§ THE DATA

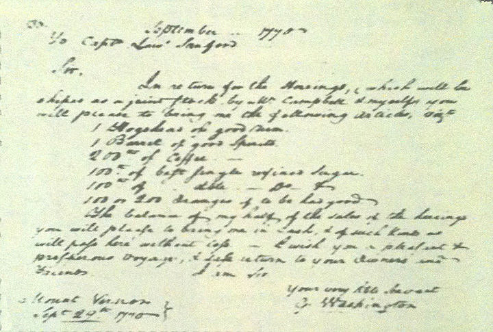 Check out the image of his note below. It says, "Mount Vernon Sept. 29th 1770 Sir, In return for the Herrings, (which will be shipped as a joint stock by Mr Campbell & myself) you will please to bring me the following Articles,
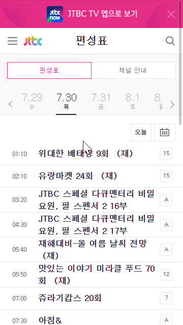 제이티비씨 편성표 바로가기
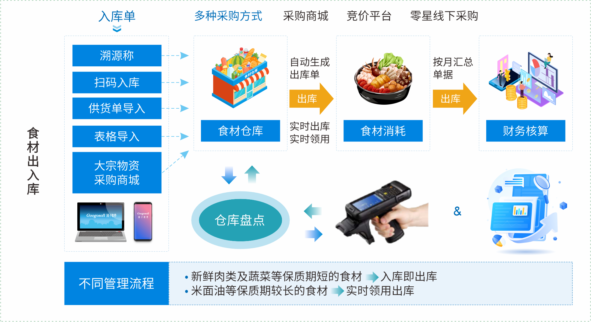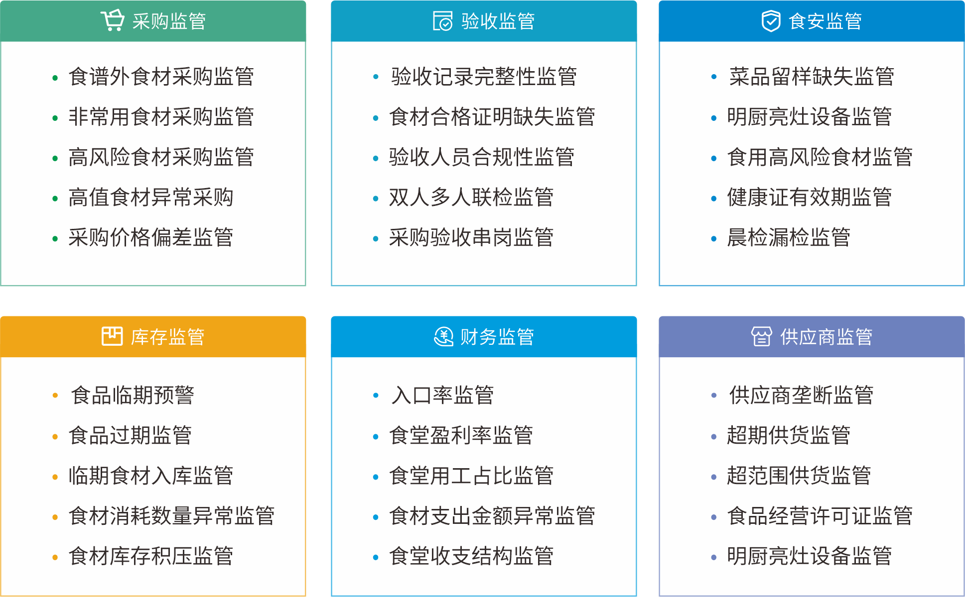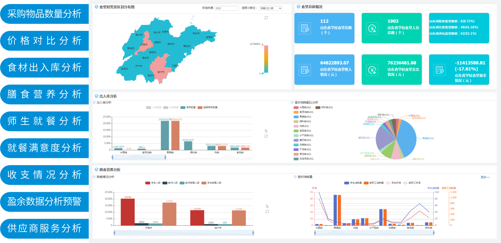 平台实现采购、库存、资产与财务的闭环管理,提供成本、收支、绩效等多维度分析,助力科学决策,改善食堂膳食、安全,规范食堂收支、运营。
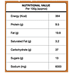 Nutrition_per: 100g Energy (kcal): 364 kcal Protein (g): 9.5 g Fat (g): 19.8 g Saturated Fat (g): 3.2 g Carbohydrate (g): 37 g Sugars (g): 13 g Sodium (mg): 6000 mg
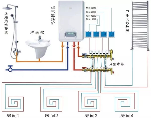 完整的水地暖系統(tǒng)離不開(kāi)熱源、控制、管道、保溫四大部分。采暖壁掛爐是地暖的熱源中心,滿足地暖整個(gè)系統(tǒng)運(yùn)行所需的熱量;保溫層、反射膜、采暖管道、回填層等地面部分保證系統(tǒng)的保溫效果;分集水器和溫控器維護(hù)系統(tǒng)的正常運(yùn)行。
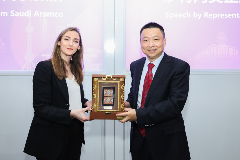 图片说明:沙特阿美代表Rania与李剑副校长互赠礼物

* * *

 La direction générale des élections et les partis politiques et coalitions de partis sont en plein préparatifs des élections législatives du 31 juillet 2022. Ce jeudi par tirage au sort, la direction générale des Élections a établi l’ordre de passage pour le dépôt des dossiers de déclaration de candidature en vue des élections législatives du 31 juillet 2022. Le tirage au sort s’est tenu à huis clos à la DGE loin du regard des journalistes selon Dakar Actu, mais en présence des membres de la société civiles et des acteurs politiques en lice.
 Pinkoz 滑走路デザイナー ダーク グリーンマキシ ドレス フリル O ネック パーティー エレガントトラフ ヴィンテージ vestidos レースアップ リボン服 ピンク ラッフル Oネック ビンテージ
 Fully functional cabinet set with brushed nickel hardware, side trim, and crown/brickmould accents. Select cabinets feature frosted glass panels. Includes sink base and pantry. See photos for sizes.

...

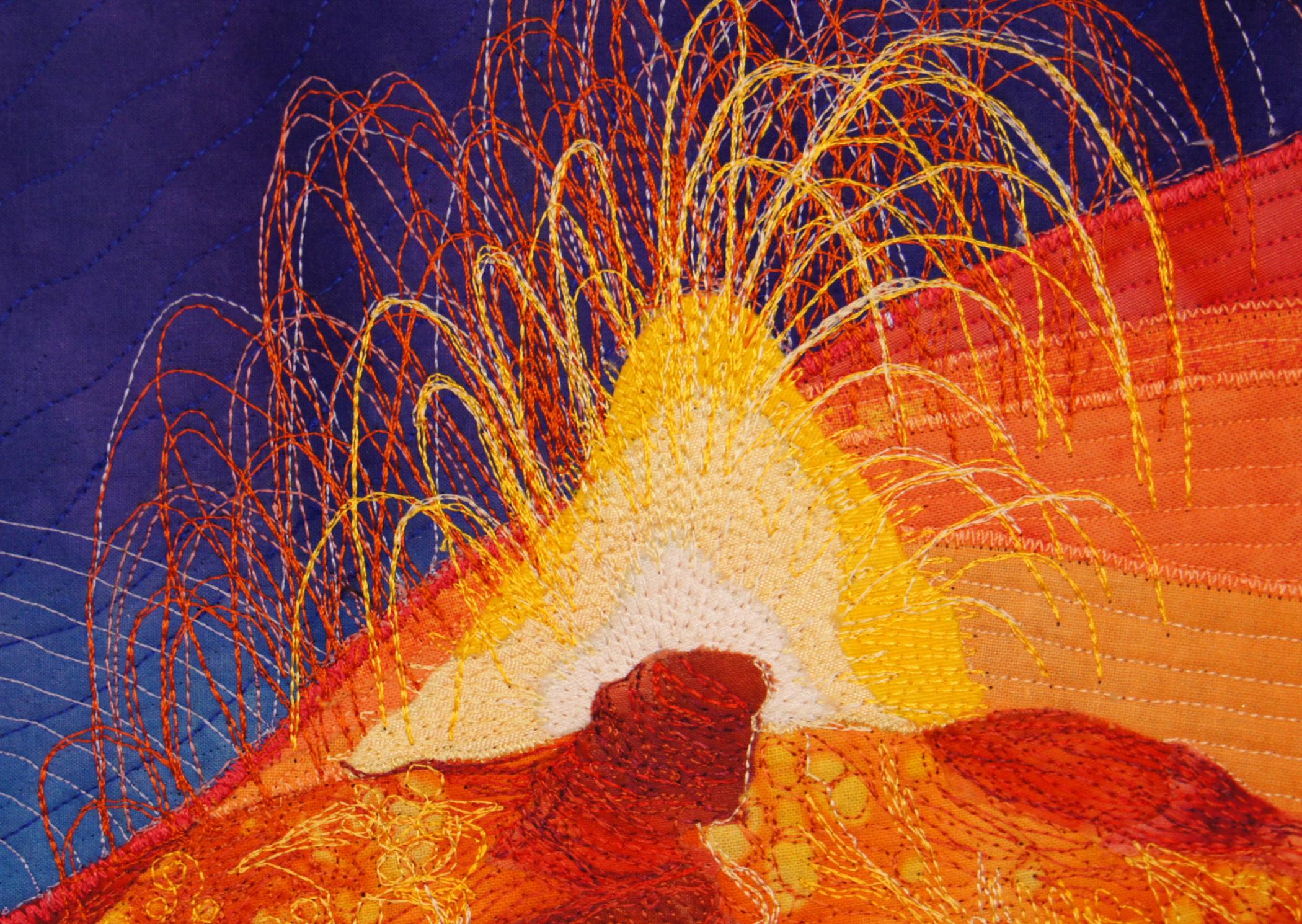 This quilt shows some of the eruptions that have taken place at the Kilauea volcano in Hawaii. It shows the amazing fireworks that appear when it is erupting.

§ WHAT THE EXERCISE ASKS
Print an exact copy of the lines above, from the one containing "Check out the" through the one containing "Nutrition_per: 100g Energy", and leave out the pictures.

§ SOLUTION FOR THIS PROBLEM
 Check out the image of his note below. It says, "Mount Vernon Sept. 29th 1770 Sir, In return for the Herrings, (which will be shipped as a joint stock by Mr Campbell & myself) you will please to bring me the following Articles,
 제이티비씨 편성표 바로가기
 平台实现采购、库存、资产与财务的闭环管理,提供成本、收支、绩效等多维度分析,助力科学决策,改善食堂膳食、安全,规范食堂收支、运营。
 Nutrition_per: 100g Energy (kcal): 364 kcal Protein (g): 9.5 g Fat (g): 19.8 g Saturated Fat (g): 3.2 g Carbohydrate (g): 37 g Sugars (g): 13 g Sodium (mg): 6000 mg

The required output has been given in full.